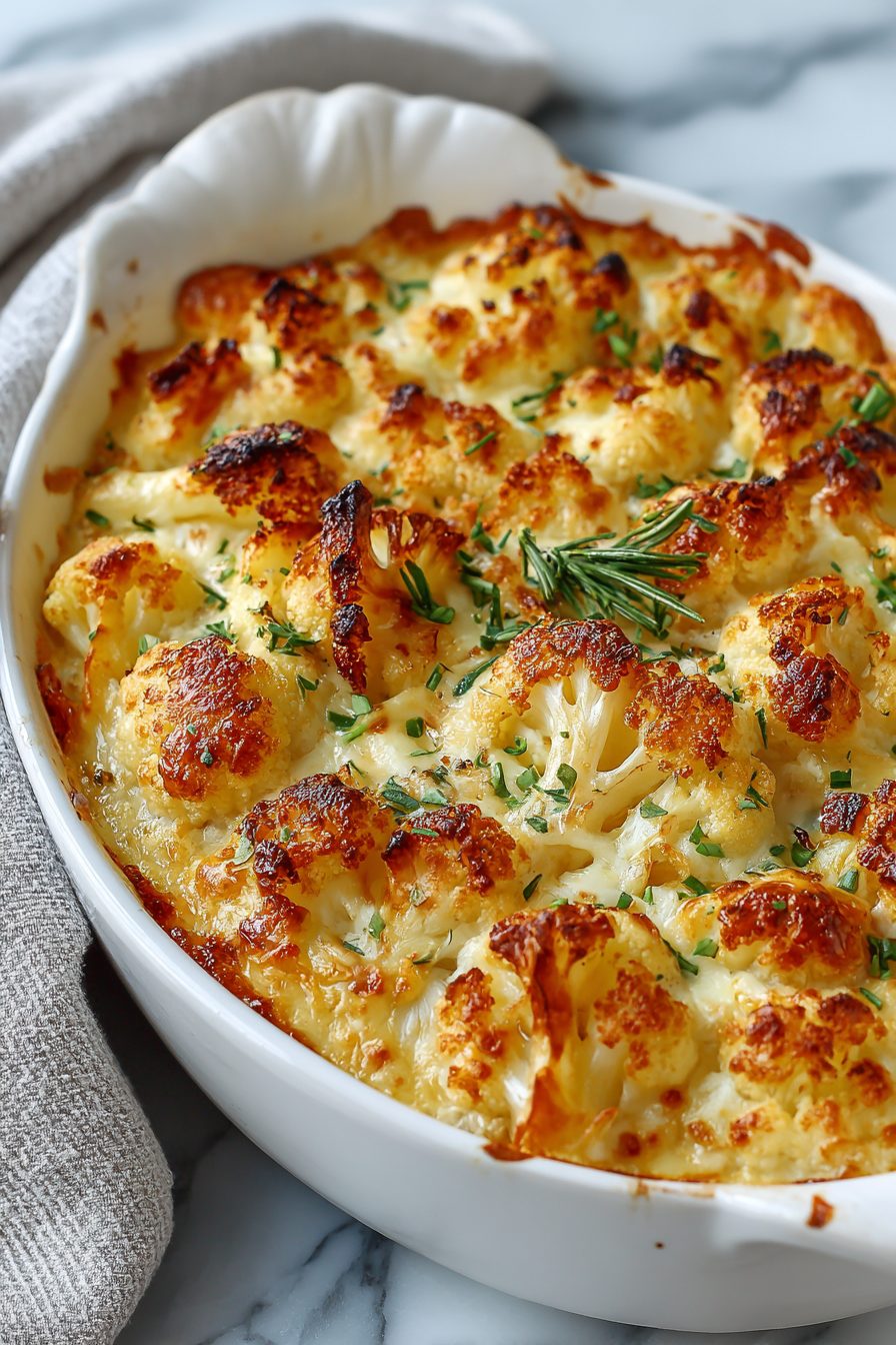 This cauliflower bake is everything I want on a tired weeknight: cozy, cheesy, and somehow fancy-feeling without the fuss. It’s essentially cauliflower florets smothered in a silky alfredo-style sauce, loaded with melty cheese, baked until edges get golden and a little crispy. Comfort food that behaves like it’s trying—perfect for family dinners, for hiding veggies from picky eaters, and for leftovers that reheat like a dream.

# # #

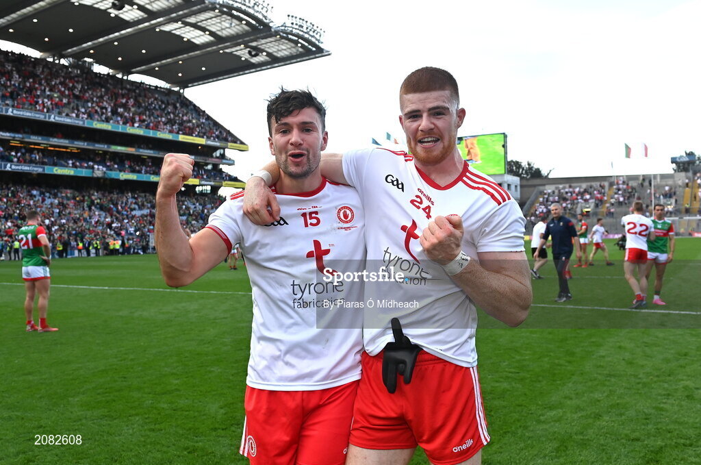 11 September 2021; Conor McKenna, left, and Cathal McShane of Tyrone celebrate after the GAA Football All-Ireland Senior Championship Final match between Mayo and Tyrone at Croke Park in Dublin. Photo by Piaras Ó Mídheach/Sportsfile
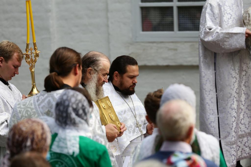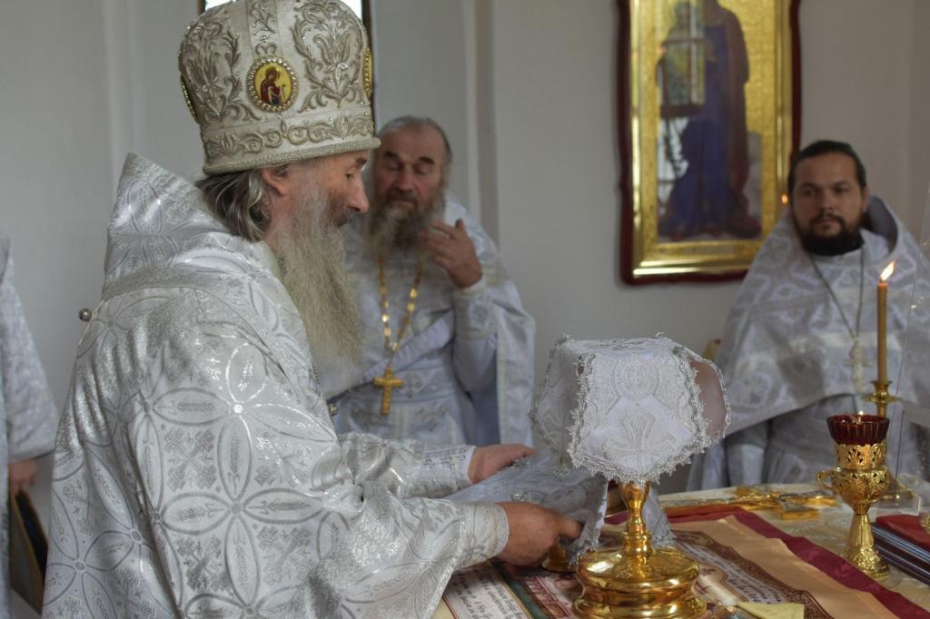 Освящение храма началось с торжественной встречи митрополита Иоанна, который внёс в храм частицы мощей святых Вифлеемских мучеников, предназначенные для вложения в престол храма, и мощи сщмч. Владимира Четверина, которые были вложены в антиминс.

# # #

Problem description =
When copying from the data above, begin at the line containing "11 September 2021;" and end at the line containing "Освящение храма началось"; return those lines exactly and leave all pictures behind.

Response to the task =
 11 September 2021; Conor McKenna, left, and Cathal McShane of Tyrone celebrate after the GAA Football All-Ireland Senior Championship Final match between Mayo and Tyrone at Croke Park in Dublin. Photo by Piaras Ó Mídheach/Sportsfile
 Освящение храма началось с торжественной встречи митрополита Иоанна, который внёс в храм частицы мощей святых Вифлеемских мучеников, предназначенные для вложения в престол храма, и мощи сщмч. Владимира Четверина, которые были вложены в антиминс.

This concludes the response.